Which class you choose to sub-class should depend on whether you plan on using the Lemur applications. Some applications, such as BuildInvertedIndex, rely on methods from the Parser API. The Parser API has more methods to implement, but it's probably worth it to be able to use the Lemur applications. In either case, having read "Understanding the TextHandler" would probably make the rest of this easier to understand.
Sub-classing TextHandler:
Sub-classing your new parser class from TextHandler will enable you to use it with other Lemur parsing elements, but not with existing Lemur applications that rely on Parser classes. You can chain another TextHandler to it just as you would any other TextHandler by calling your parser's setTextHandler method. Your parser would pass tokens down the chain by calling the foundToken method of the TextHandler you've just chained.
For example, let's write a sample class called SimpleFileTH that reads from a file, using the file's name for the document ID and recognizes words as anything delimited by any kind of white space. Your header file would look something like this:
#include "TextHandler.hpp"
class SimpleFileTH : public TextHandler {
public:
// default constructor that sets a default maximum world length value
SimpleFileTH() { maxlength=70; }
SimpleFileTH(int max) { maxlength=max; }
~SimpleFileTH() {}
// process this file as one document
// returns whether we were successful
bool processDoc(char* filename);
protected:
int maxlength; // the maximum length we'll allow as a word
}
Now to implement processDoc :
bool SimpleFileTH::processDoc(char* filename){
// if there's nothing chained, there's no need to do anything
// textHandler is an inherited member for the next TH in chain
// chain by calling SimpleFileTH::setTextHandler(TextHandler*)
if (!textHandler)
return false;
// open the file
ifstream readstream(filename);
if (!readstream.is_open())
return false;
char* word = new char[maxlength];
// start the document
textHandler->foundToken(BEGINDOC, filename, filename);
// tokenize terms
while (readstream >> word)
textHandler->foundToken(WORDSTR, word, word);
// end the document
readstream.close();
textHandler->foundToken(ENDDOC);
delete[] word;
return true;
}
Now that's an extremely simple parser that doesn't even remove punctuation marks, but you can send your tokenized terms through a stopper and stemmer if you want, and push them into an index with existing Lemur TextHandler classes by chaining them together.
Sub-classing Parser:
You start sub-classing Parser and use your custom class exactly the same way you do for a custom TextHandler like described above. However you have to support a few additional methods from the Parser API. Those additional methods support knowing where in the file the document started and where you currently are in the file in terms of bytes. While it's a bit more work, sub-classing from Parser also gets you the use of an acronym list from the base class.

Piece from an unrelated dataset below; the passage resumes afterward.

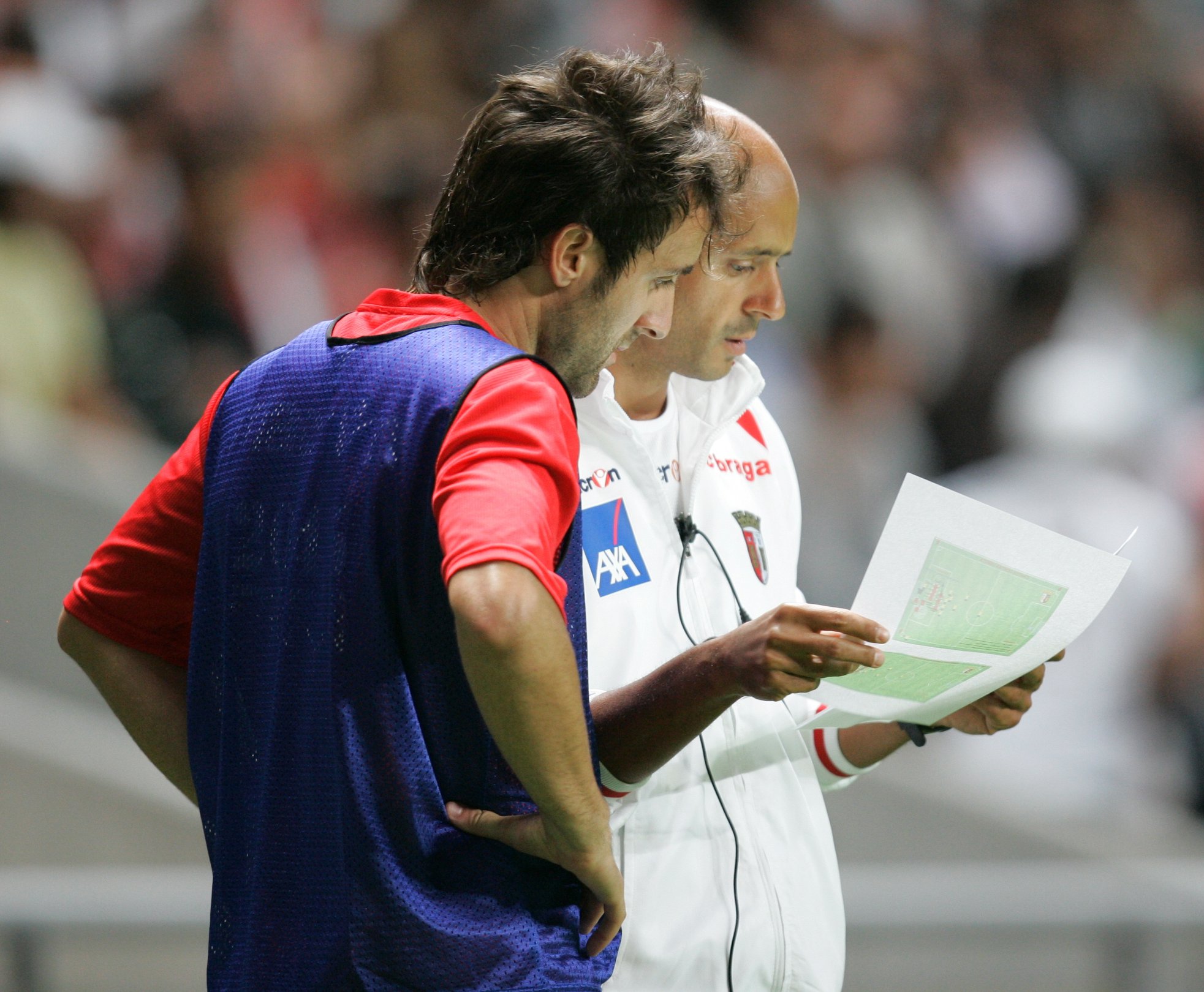 Giving instructions to Diogo Valente before entering a game - SC Braga

Let's see how we would create a class called SimpleFileParser that behaves like SimpleFileTH, using the filename as the document ID and tokenizing words with white space. First there are the parse methods parseFile and parseBuffer which are for actual processing of the documents. fileTell and getDocBytePos are for keeping track of file position. getDocBytePos is already implemented in the base class to return a member variable called docpos. So all we have to do is keep docpos up to date. We could employ the same tactics for fileTell , having it return a variable that we'll keep up to date. Our header file for SimpleFileParser would look like this:
#include "Parser.hpp"
class SimpleFileParser : public Parser {
public:
// default constructor that sets a default maximum world length value
SimpleFileParser() { maxlength=70; }
SimpleFileParser(int max) { maxlength=max; }
~SimpleFileParser() {}
// process this file as one document
void parseFile(char* filename);
// the API requires this, but we actually won't support it
void parseBuffer(char* buf, int len) {}
// return the current file position
long fileTell() { return filepos; }
protected:
int maxlength; // the maximum length we'll allow as a word
long filepos; // byte position of where we currently are in the file
}
Now we just need to implement parseFile , making sure to keep filepos and docpos updated. It will be very similar to our SimpleFileTH::processDoc method. We'll highlight the main differences.
bool SimpleFileParser::parseFile(char* filename){
// if there's nothing chained, there's no need to do anything
// textHandler is an inherited member for the next TH in chain
// chain by calling SimpleFileParser::setTextHandler(TextHandler*)
if (!textHandler)
return;
docpos = 0;
filepos = 0;
// open the file
ifstream readstream(filename);
if (!readstream.is_open())
return;
char* word = new char[maxlength];
// start the document
textHandler->foundToken(BEGINDOC, filename, filename);
// tokenize terms
while (readstream >> word) {
filepos = readstream.tellg();
textHandler->foundToken(WORDSTR, word, word);
}
// end the document
readstream.close();
textHandler->foundToken(ENDDOC);
delete[] word;
}
|